Only one stretch of the data below is needed. Output the lines from the one with "Das winkelförmige Gebäude" up to and including the one with "Weiters hat der", exactly as they stand.
*** Excerpted records Section Begins ***
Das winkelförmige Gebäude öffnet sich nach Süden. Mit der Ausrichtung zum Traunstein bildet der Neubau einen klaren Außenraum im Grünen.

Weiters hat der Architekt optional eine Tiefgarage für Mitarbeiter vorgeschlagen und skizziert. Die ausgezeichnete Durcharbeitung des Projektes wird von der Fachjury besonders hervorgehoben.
*** Excerpted records Section Ends ***
*** Excerpted records Section Begins ***
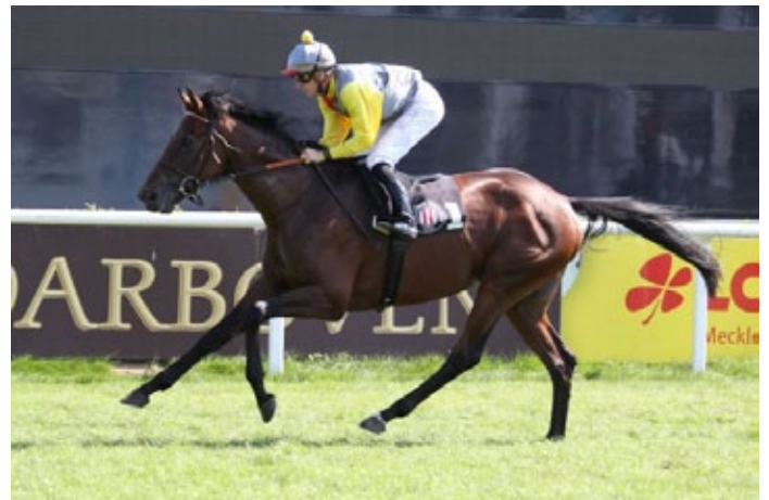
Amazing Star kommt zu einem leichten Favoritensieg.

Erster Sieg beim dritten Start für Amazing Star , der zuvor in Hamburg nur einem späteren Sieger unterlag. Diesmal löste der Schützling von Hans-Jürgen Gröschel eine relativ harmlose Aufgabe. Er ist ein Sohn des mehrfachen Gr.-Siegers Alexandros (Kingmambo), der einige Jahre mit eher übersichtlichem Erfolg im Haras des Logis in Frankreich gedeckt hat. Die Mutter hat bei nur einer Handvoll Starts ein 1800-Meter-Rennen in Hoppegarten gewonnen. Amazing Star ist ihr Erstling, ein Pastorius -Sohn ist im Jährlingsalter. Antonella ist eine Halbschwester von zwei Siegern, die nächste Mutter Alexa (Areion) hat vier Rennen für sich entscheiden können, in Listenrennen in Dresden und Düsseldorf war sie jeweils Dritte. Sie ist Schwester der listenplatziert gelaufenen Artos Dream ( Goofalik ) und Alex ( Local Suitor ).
*** Excerpted records Section Ends ***
*Your solution:*
Das winkelförmige Gebäude öffnet sich nach Süden. Mit der Ausrichtung zum Traunstein bildet der Neubau einen klaren Außenraum im Grünen.

Weiters hat der Architekt optional eine Tiefgarage für Mitarbeiter vorgeschlagen und skizziert. Die ausgezeichnete Durcharbeitung des Projektes wird von der Fachjury besonders hervorgehoben.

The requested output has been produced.